名だたる俳優・芸人の名前を意外なところで見かける本書だが、清川虹子と浅香光代の来歴を知ったときは驚くやら感心するやら。清川虹子の師匠が川上貞奴だったり浅香光代が劇団を立ち上げたのはわずか十四歳だったり。

当時の俳優・芸人の波瀾万丈の人生は時代を映す鏡としてぜひ映画化してほしいです。なにしろ思いもよらないエピソードがてんこ盛り。

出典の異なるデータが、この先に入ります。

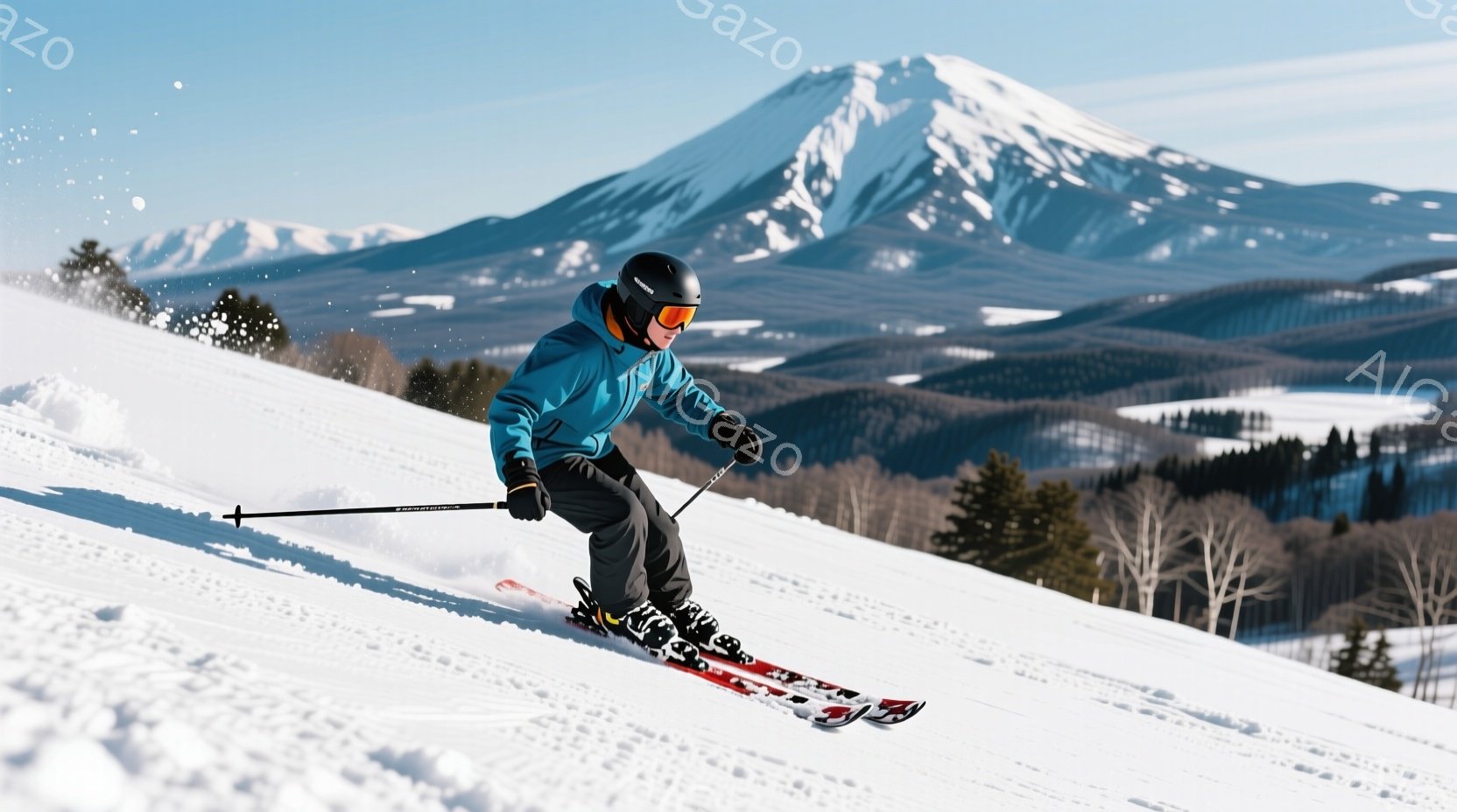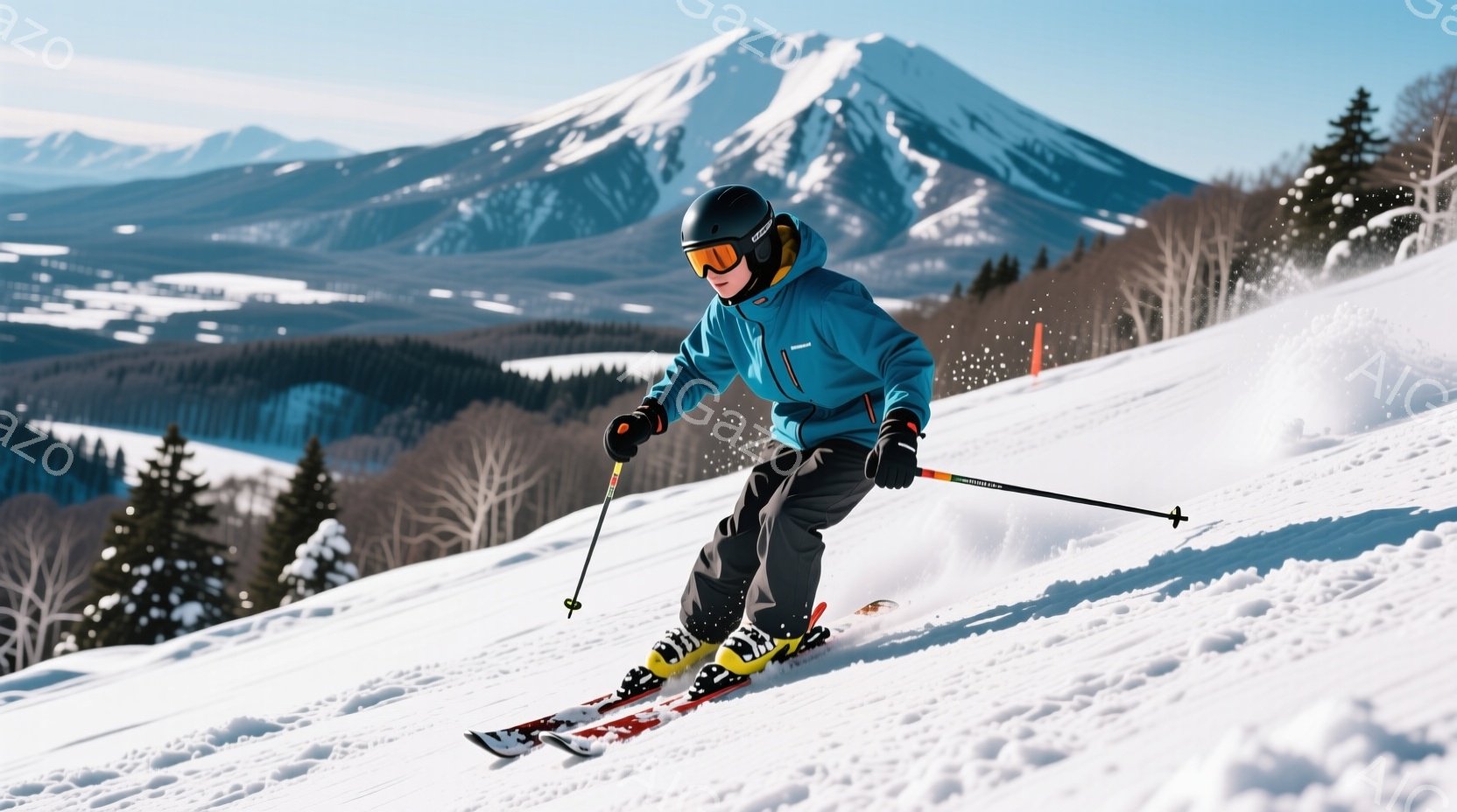 スキーヤーは青と黒のスキーウェアにヘルメットとゴーグルを着用し、雪の上を滑走している。彼は片足を前に出し、スキーポールを構え、バランスを取りながら斜面を下っている様子が伺える。背景には雪を被った山々と森林が広がり、晴天の下、爽やかな冬の雰囲気が漂っている。

ロッパと宝塚とか、エンタツ・アチャコのコンビの期間とか、慰問団の話とか、伴淳三郎と天才天才少女歌手とか、永井荷風と浅草ロック座とか、駅前シリーズと森繁久彌とか。

芸風という血は受け継がれて

今では東京の歓楽街の中心は浅草から新宿や渋谷といった他の街に移りましたが、浅草の芸人魂は現代の世にも受け継がれています。たとえ浅草で舞台に立ったことが一度もなくとも、浅草で生まれ育った芸風は師匠から弟子へと脈々と伝わっていく。コメディエンヌのDNAはそうして次世代に広がっていくのでしょう。
師匠と弟子の関係は親子に近いのかもしれません。